Article ID: | iaor20083807 |
Country: | United States |
Volume: | 8 |
Issue: | 4 |
Start Page Number: | 330 |
End Page Number: | 350 |
Publication Date: | Sep 2006 |
Journal: | Manufacturing & Service Operations Management |
Authors: | Corbett Charles J. |
Keywords: | quality & reliability |
The ISO 9000 series of quality management systems standards is widely diffused, with more than 560,000 sites certified in 152 countries as of December 2003. Anecdotal evidence suggests that global supply chains contributed to this diffusion, in the following sense. Firms in Europe were the first to seek ISO 9000 certification in large numbers. They then required their suppliers, including those abroad, to do likewise. Once the standard had thus entered other countries, it spread beyond those firms immediately exporting to Europe to be adopted by many other firms in those same countries. This paper empirically examines the validity of this view of the role of supply chains in global diffusion of ISO 9000. To do so, we decompose the statement ‘supply chains contributed to the global diffusion of ISO 9000’ into a series of four requirements that must be met for the original statement to be supported.

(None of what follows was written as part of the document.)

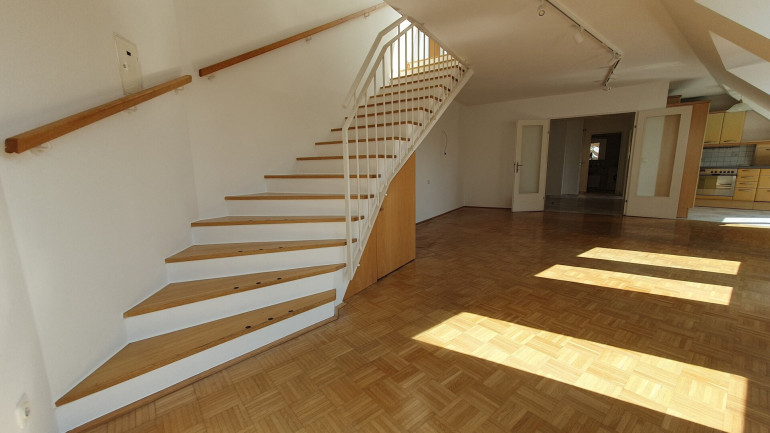 Die Wohnung liegt im obersten Geschoss (DG1 + DG2). Ein großer Personenlift steht zur Verfügung und bringt Sie komfortabel bis vor die Wohnungstür.
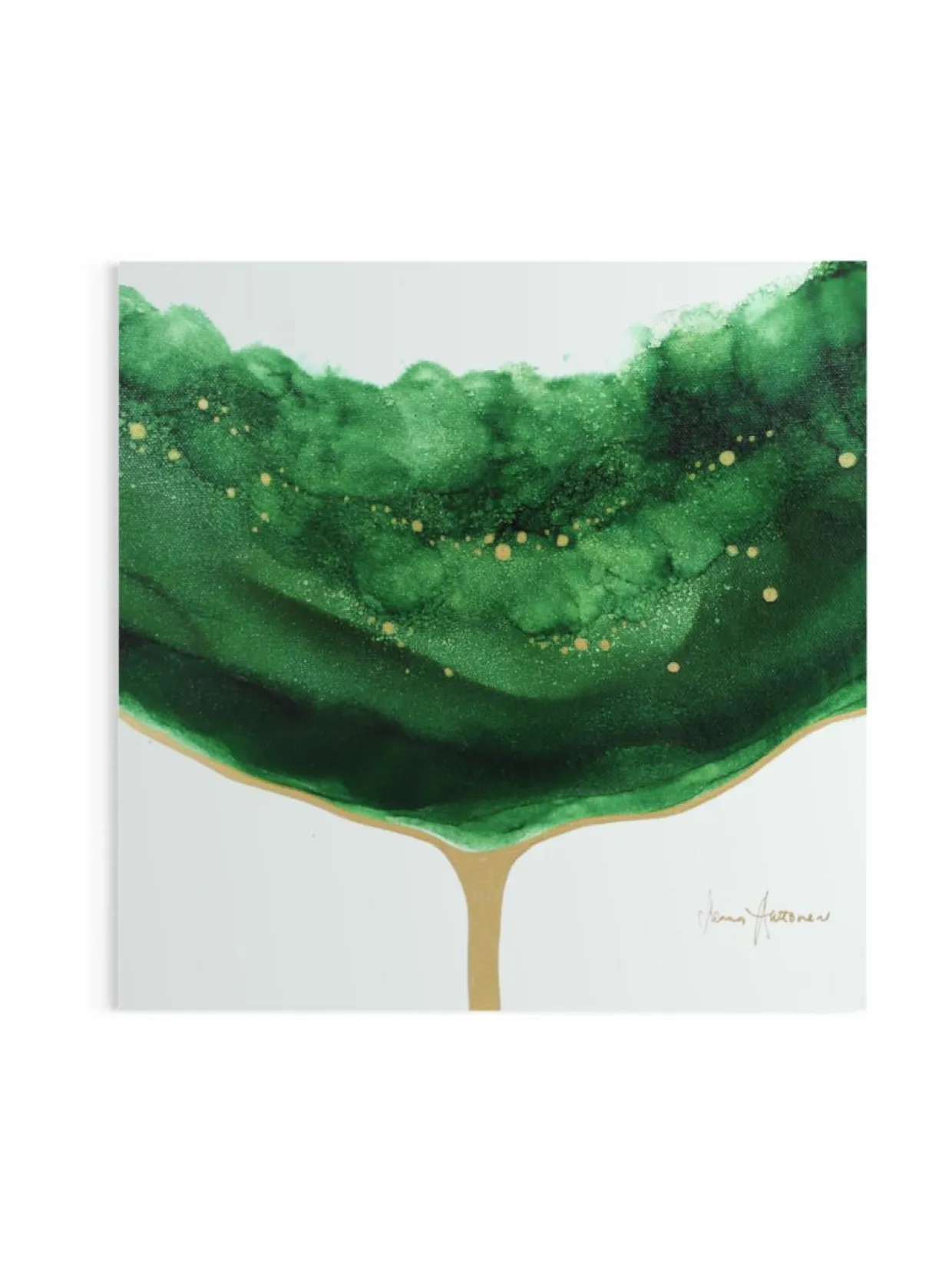 Abstrakti FREESIA-kukka on saanut inspiraationsa pohjoisen luonnosta. Taideteos on toteutettu vihreää alkoholimustetta puhaltamalla. Raikas ilme on viimeistelty kullansävyisillä yksityiskohdilla.

We then use firm-level data from a global survey of more than 5,000 firms in nine countries to test the hypotheses that correspond to these requirements. Our findings are consistent with the view that part of the global diffusion of ISO 9000 did move upstream in global supply chains. In short, this means that firms that export goods or services to a particular country may simultaneously be importing that country's management practices. We conclude by suggesting how these findings might form the basis for future research on the environmental management systems standard ISO 14000.